=== YOUR TASK ===
As you reproduce every line below, keep it exactly as written and leave out the images.

=== RAW DATA ===
■ ■ ■ ■ ■ ■ ■
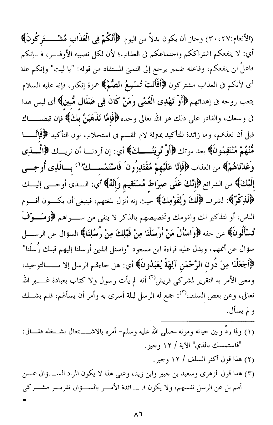 [الأنعام: 27، 30] وجاز أن يكون بدلاً من اليوم (أنَّكُمْ فِي الْعَذَابِ مُشْتَرِكُونَ) أي: لا ينفعكم اشتراككم واجتماعكم في العذاب؛ لأن لكل نصيبه الأوفر، فإنكم فاعلُ لن ينفعكم، وفاعله ضمير يرجع إلى التمني المستفاد من قوله: " يا ليت " وإنكم علة أى لأنكم في العذاب مشتركون (أَفَأَنْتَ تُسْمِعُ الصُّمَّ) همزة الإنكار، فإنه عليه السلام يتعب روحه في إهدائهم (أَوْ تَهْدِي الْعُمْيَ وَمَنْ كَانَ فِي ضَلَالٍ مُبِينٍ) أي ليس هذا في وسعك، والقادر على ذلك هو الله تعالى وحده (فَإِمَّا نَذْهَبَنَّ بِكَ) فإن قبضناك قبل أن نعذبهم، وما زائدة للتأكيد بمنزلة لام القسم في استجلاب نون التأكيد (فَإِنَّا مِنْهُمْ مُنْتَقِمُونَ) بعد موتك (أَوْ نُرِيَنَّكَ) أي: إن أردنا أن نريك (الَّذِي وَعَدْنَاهُمْ) من العذاب (فَإِنَّا عَلَيْهِمْ مُقْتَدِرُونَ فَاسْتَمْسِكْ بِالَّذِي أُوحِيَ إِلَيْكَ) من الشرائع (إِنَّكَ عَلَى صِرَاطٍ مُسْتَقِيمٍ وَإِنَّهُ) أي: الذي أوحي إليك (لَذِكرٌ): لشرف (لَكَ وَقِوْمِكَ) حيث إنه أنزل بلغتهم، فينبغي أن يكون أقوم الناس، أو لتذكير لك ولقومك وتخصيصهم بالذكر لا ينفي من سواهم (وَسَوْفَ تُسْأَلُونَ) عن حقه (وَاسْأَلْ مَنْ أَرْسَلْنَا مِنْ قَبْلِكَ مِنْ رُسُلِنَا) السؤال عن الرسل سؤال عن أممهم، ويدل عليه قراءة ابن مسعود " واسئل الذين أرسلنا إليهم قبلك رُسلَنا " (أَجَعَلْنَا مِنْ دُونِ الرَّحْمَنِ آلِهَةً يُعْبَدُونَ) أي: هل جاءتهم الرسل إلا بالتوحيد، ومعنى الأمر به التقرير لمشركي قريش أنه لم يأت رسول ولا كتاب بعبادة غير الله تعالى، وعن بعض السلف: جمع له الرسل ليلة أسري به وأمر أن يسألهم، فلم يشك ولم يسأل.
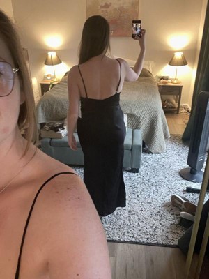 • A: The dress features a slip style that enhances its modern sophistication.
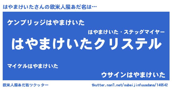 | 意味不明あだ名 | 『はやまけいたフォーエバー』 |
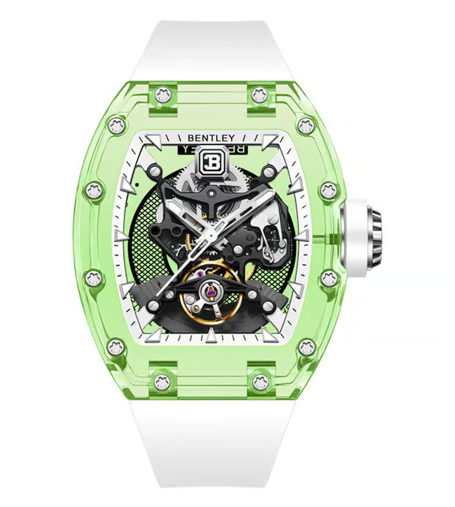 Introducing a masterpiece of contemporary horology, this exceptional timepiece from Bentley exudes refined elegance and modern engineering. Encased in a striking translucent green casing, it beautifully frames a skeletonized dial that reveals the artistry of its intricate inner workings. At its heart beats the precision engineered Automatic BX7885 Movement, delivering seamless performance with every passing moment. The open worked dial, adorned with bold indices and meticulously crafted bridges, offers a mesmerizing view of its mechanical ballet.
■ ■ ■ ■ ■ ■ ■
=== THE COMPLETED TASK ===
 [الأنعام: 27، 30] وجاز أن يكون بدلاً من اليوم (أنَّكُمْ فِي الْعَذَابِ مُشْتَرِكُونَ) أي: لا ينفعكم اشتراككم واجتماعكم في العذاب؛ لأن لكل نصيبه الأوفر، فإنكم فاعلُ لن ينفعكم، وفاعله ضمير يرجع إلى التمني المستفاد من قوله: " يا ليت " وإنكم علة أى لأنكم في العذاب مشتركون (أَفَأَنْتَ تُسْمِعُ الصُّمَّ) همزة الإنكار، فإنه عليه السلام يتعب روحه في إهدائهم (أَوْ تَهْدِي الْعُمْيَ وَمَنْ كَانَ فِي ضَلَالٍ مُبِينٍ) أي ليس هذا في وسعك، والقادر على ذلك هو الله تعالى وحده (فَإِمَّا نَذْهَبَنَّ بِكَ) فإن قبضناك قبل أن نعذبهم، وما زائدة للتأكيد بمنزلة لام القسم في استجلاب نون التأكيد (فَإِنَّا مِنْهُمْ مُنْتَقِمُونَ) بعد موتك (أَوْ نُرِيَنَّكَ) أي: إن أردنا أن نريك (الَّذِي وَعَدْنَاهُمْ) من العذاب (فَإِنَّا عَلَيْهِمْ مُقْتَدِرُونَ فَاسْتَمْسِكْ بِالَّذِي أُوحِيَ إِلَيْكَ) من الشرائع (إِنَّكَ عَلَى صِرَاطٍ مُسْتَقِيمٍ وَإِنَّهُ) أي: الذي أوحي إليك (لَذِكرٌ): لشرف (لَكَ وَقِوْمِكَ) حيث إنه أنزل بلغتهم، فينبغي أن يكون أقوم الناس، أو لتذكير لك ولقومك وتخصيصهم بالذكر لا ينفي من سواهم (وَسَوْفَ تُسْأَلُونَ) عن حقه (وَاسْأَلْ مَنْ أَرْسَلْنَا مِنْ قَبْلِكَ مِنْ رُسُلِنَا) السؤال عن الرسل سؤال عن أممهم، ويدل عليه قراءة ابن مسعود " واسئل الذين أرسلنا إليهم قبلك رُسلَنا " (أَجَعَلْنَا مِنْ دُونِ الرَّحْمَنِ آلِهَةً يُعْبَدُونَ) أي: هل جاءتهم الرسل إلا بالتوحيد، ومعنى الأمر به التقرير لمشركي قريش أنه لم يأت رسول ولا كتاب بعبادة غير الله تعالى، وعن بعض السلف: جمع له الرسل ليلة أسري به وأمر أن يسألهم، فلم يشك ولم يسأل.
 • A: The dress features a slip style that enhances its modern sophistication.
 | 意味不明あだ名 | 『はやまけいたフォーエバー』 |
 Introducing a masterpiece of contemporary horology, this exceptional timepiece from Bentley exudes refined elegance and modern engineering. Encased in a striking translucent green casing, it beautifully frames a skeletonized dial that reveals the artistry of its intricate inner workings. At its heart beats the precision engineered Automatic BX7885 Movement, delivering seamless performance with every passing moment. The open worked dial, adorned with bold indices and meticulously crafted bridges, offers a mesmerizing view of its mechanical ballet.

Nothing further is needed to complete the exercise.